Exercise brief:
The data below holds the lines to copy: everything from the line containing "Kit Diva Recamier" to the line containing "お気に入りを見つけていただけると幸いです。 鈴付きの首輪、丸いフェルト付き サイズ:約7cm×5cm", both ends included, set down exactly.

Record set:
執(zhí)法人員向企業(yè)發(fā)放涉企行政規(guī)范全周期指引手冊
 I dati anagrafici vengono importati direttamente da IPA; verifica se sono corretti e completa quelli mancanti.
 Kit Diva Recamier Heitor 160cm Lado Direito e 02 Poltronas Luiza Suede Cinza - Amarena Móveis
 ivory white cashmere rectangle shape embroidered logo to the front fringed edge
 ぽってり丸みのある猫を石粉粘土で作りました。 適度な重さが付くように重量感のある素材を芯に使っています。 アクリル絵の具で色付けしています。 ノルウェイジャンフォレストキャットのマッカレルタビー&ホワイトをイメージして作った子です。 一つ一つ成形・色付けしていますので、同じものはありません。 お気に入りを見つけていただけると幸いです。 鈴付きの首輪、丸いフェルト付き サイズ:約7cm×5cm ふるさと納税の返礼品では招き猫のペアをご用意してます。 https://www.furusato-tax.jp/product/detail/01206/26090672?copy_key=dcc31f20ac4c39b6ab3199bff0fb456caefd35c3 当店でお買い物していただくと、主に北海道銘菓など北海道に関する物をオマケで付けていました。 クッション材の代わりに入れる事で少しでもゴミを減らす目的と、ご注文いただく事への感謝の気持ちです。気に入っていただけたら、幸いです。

--

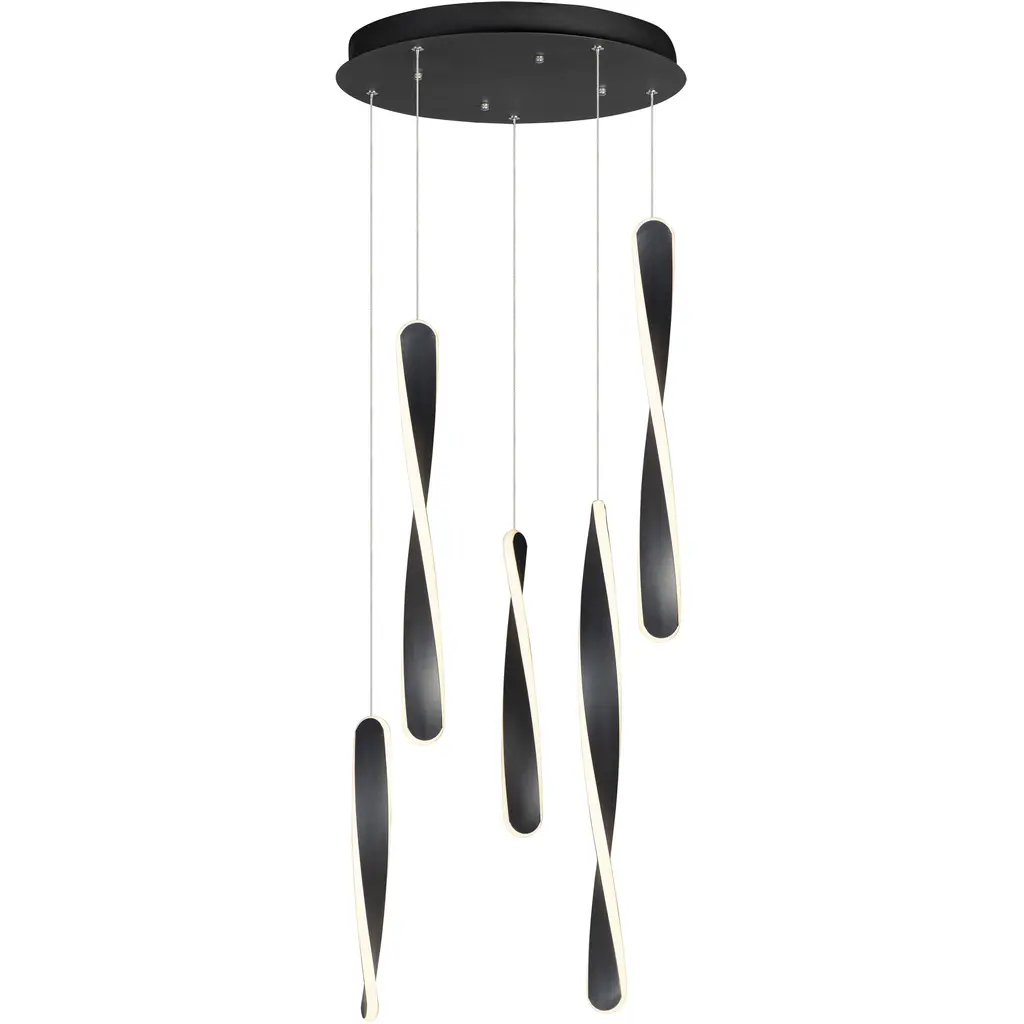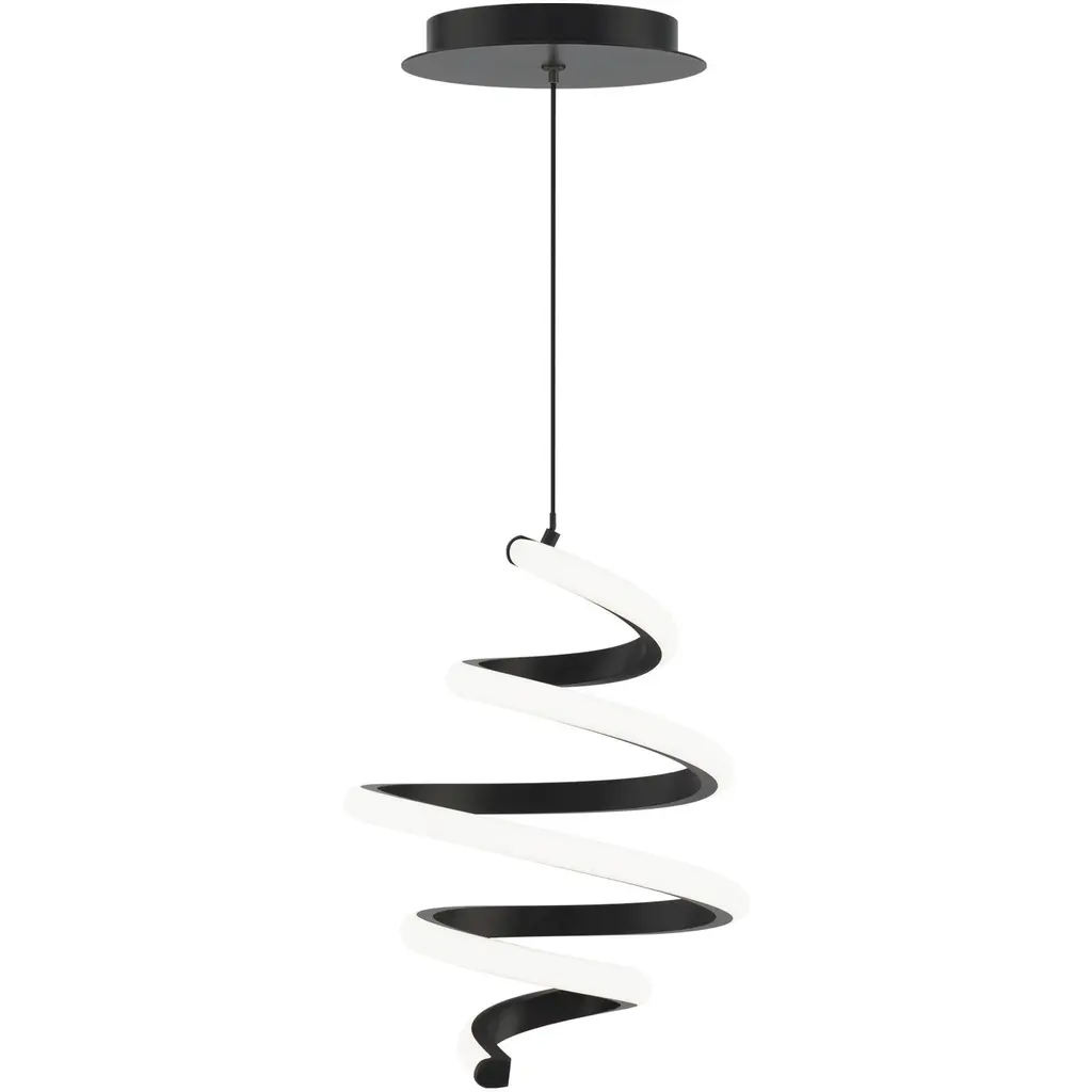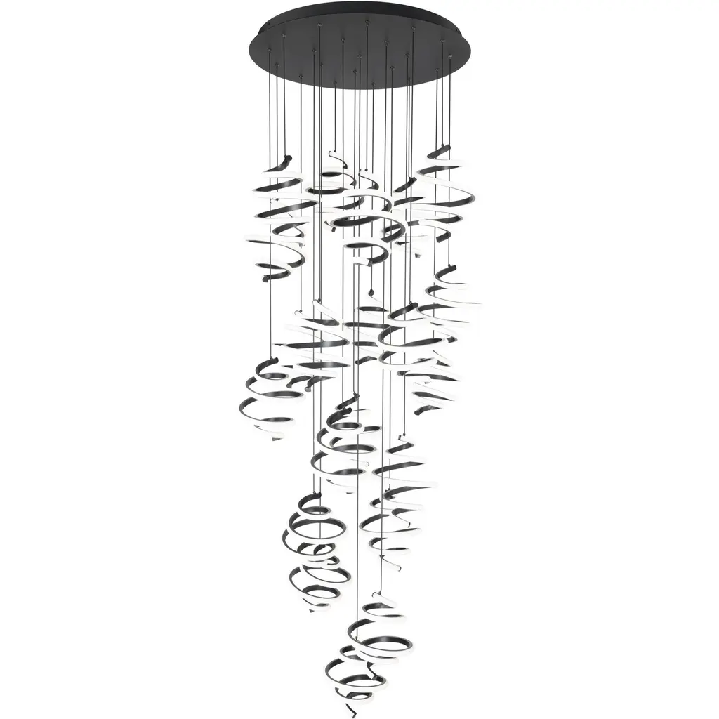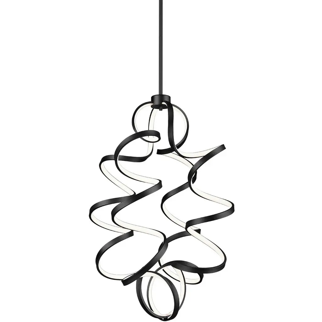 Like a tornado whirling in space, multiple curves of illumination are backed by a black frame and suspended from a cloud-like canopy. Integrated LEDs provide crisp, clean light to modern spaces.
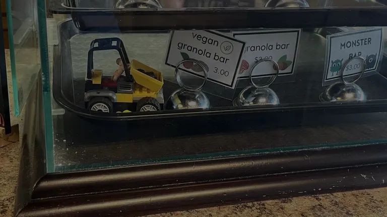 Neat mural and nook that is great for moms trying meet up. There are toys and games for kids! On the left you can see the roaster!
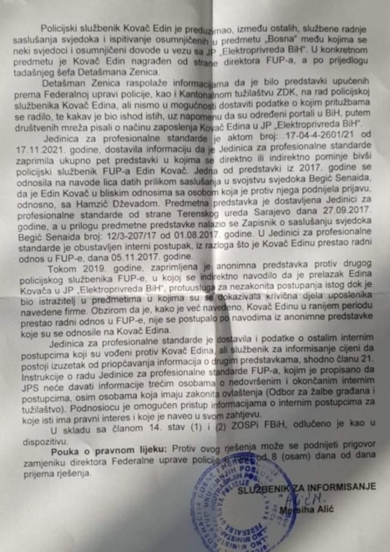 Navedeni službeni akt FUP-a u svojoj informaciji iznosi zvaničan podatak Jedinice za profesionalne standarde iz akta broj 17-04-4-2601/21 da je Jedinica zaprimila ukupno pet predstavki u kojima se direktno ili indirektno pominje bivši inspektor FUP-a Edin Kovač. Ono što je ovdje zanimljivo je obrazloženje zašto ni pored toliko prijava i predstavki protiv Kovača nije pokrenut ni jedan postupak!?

Task response:
 Kit Diva Recamier Heitor 160cm Lado Direito e 02 Poltronas Luiza Suede Cinza - Amarena Móveis
 ivory white cashmere rectangle shape embroidered logo to the front fringed edge
 ぽってり丸みのある猫を石粉粘土で作りました。 適度な重さが付くように重量感のある素材を芯に使っています。 アクリル絵の具で色付けしています。 ノルウェイジャンフォレストキャットのマッカレルタビー&ホワイトをイメージして作った子です。 一つ一つ成形・色付けしていますので、同じものはありません。 お気に入りを見つけていただけると幸いです。 鈴付きの首輪、丸いフェルト付き サイズ:約7cm×5cm ふるさと納税の返礼品では招き猫のペアをご用意してます。 https://www.furusato-tax.jp/product/detail/01206/26090672?copy_key=dcc31f20ac4c39b6ab3199bff0fb456caefd35c3 当店でお買い物していただくと、主に北海道銘菓など北海道に関する物をオマケで付けていました。 クッション材の代わりに入れる事で少しでもゴミを減らす目的と、ご注文いただく事への感謝の気持ちです。気に入っていただけたら、幸いです。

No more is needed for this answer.